# Front Wheel Bearing problems



## sedonix (Sep 11, 2007)

I'm on my third set of front wheel bearings for my Toyota corolla sr5 conversion and am starting to think it is fundamental problem. The rear is where the real overload is but no problems there. Front is overweight with 6 batts but would not think so bad that it eats bearings in about 500 miles. Could be though as they are ball bearings not roller. They are real beefy looking Timkens with split inner race and a real pain to press off and on. Anybody else having bearing trouble? I'm not looking forward to having to modify the spindles and hubs for roller bearings.


----------



## DavidDymaxion (Dec 1, 2008)

Are the races square to the axle and each other? Are you sure you have the right size? What kind of grease are you using? Are you tightening them correctly? On some cars you need to spin the wheel while tightening with a torque wrench. I had a case where cheap bearings lasted just a few days, but the new car dealer bearings lasted a long time. For my car, racers say the stock bearings are best, Timkens next best, and cheapo generic bearings are likely junk.

This is reaching, but a possibility: A single track day in my gas car will ruin the car's front bearings. The heat from the brakes cooks them to death. I also think my wife cooked front wheel bearings on another car as she has a bad habit of riding the brakes down hills rather than downshifting. Do you descend steep hills? Might the brakes be dragging?


sedonix said:


> I'm on my third set of front wheel bearings for my Toyota corolla sr5 conversion and am starting to think it is fundamental problem. The rear is where the real overload is but no problems there. Front is overweight with 6 batts but would not think so bad that it eats bearings in about 500 miles. Could be though as they are ball bearings not roller. They are real beefy looking Timkens with split inner race and a real pain to press off and on. Anybody else having bearing trouble?
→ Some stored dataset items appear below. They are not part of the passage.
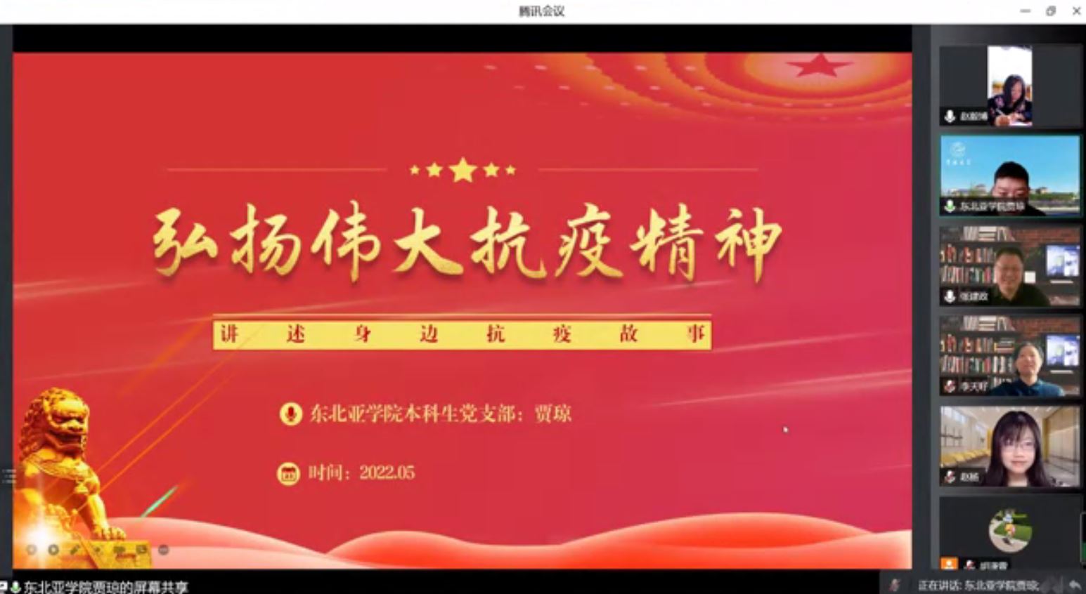 为进一步弘扬伟大抗疫精神,大力宣传身边党员和师生在疫情防控工作中的先进事迹、感人故事与崇高精神,不断增强广大党员归属感、荣誉感和使命感,持续培育、挖掘和丰富吉大精神新内涵,中文无码 党委号召各党支部开展“讲述身边抗疫故事”主题党日活动。2022年5月24日,中文无码 经济系教工党支部与本科生党支部在线上联合开展了主题党日活动。会议由党委副书记兼副院长赵毅博主持,本科生辅导员贾琼做了“弘扬伟大抗议精神,讲述身边抗议故事”为主题的汇报分享。
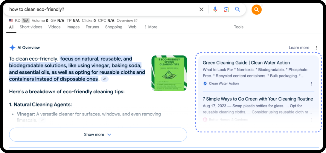 For GEO, they might structure content to answer common questions like, "What are the benefits of eco-friendly cleaning products?" in a way that’s clear, concise, and conversational. This makes their content more likely to show up in an AI-generated response when a user asks about eco-friendly cleaning options on an AI search engine like ChatGPT or Google’s AI Overview section of the SERP.
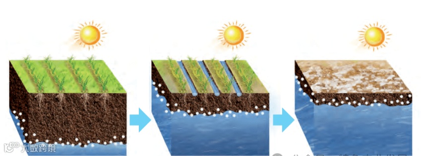 由于人们不合理抗旱,采用大水漫灌,再加上气候干燥等因素,使得大部分水分短
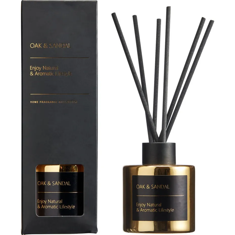 Geurstokjes in de geur sandalwood. Goud met zwart kleurige houder.
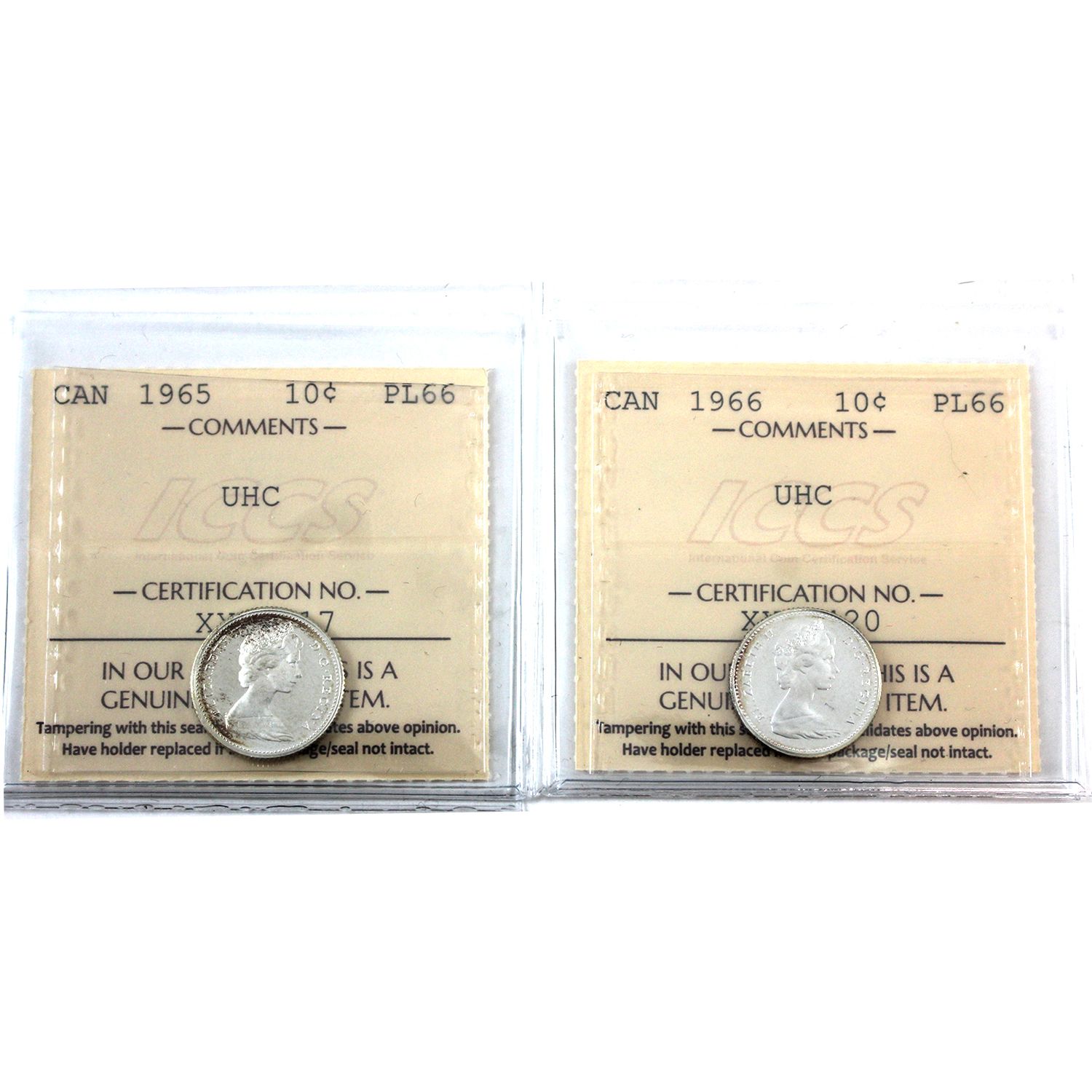 10-cent 1965 & 1966 ICCS PL66 UHC. 2pcs.

I'm not looking forward to having to modify the spindles and hubs for roller bearings.


----------



## Jimdear2 (Oct 12, 2008)

sedonix said:


> I'm on my third set of front wheel bearings for my Toyota corolla sr5 conversion and am starting to think it is fundamental problem. The rear is where the real overload is but no problems there. Front is overweight with 6 batts but would not think so bad that it eats bearings in about 500 miles. Could be though as they are ball bearings not roller. They are real beefy looking Timkens with split inner race and a real pain to press off and on. Anybody else having bearing trouble? I'm not looking forward to having to modify the spindles and hubs for roller bearings.


What year is your Toyota. Are you tightening the nut correctly? I looked up a 1990 Corolla FWD and the spec was 137 foot lbs. If you do not tighten this type of bearing (for FWD) correctly you will distroy it very fast. Even the smallest bit of loosness or overtightening and you will shortly have trash.

Once I know the year I'll check service bulletins and other info to see what help may be out there.

Jim


----------



## piotrsko (Dec 9, 2007)

do you KNOW what the front actually weighs? 6 batteries could be like 500 lbs extra over the stock weight. How much lower does you car sit compared to a stock ditto of the same vintage? If it is 3 or 4 inches lower, you are really overweight. for about 10 bucks you can get a certified scale at a truck stop to do the axles for you.

However it sounds like the problem is a poor quality bearing that is installed incorrectly, too tight or too loose so that the balls aren't running in the center of the race, but wearing the race edges, a very common problem with ball bearings. I had an axle spacer get mashed in my bug once which had the same result until I got new spacers.


----------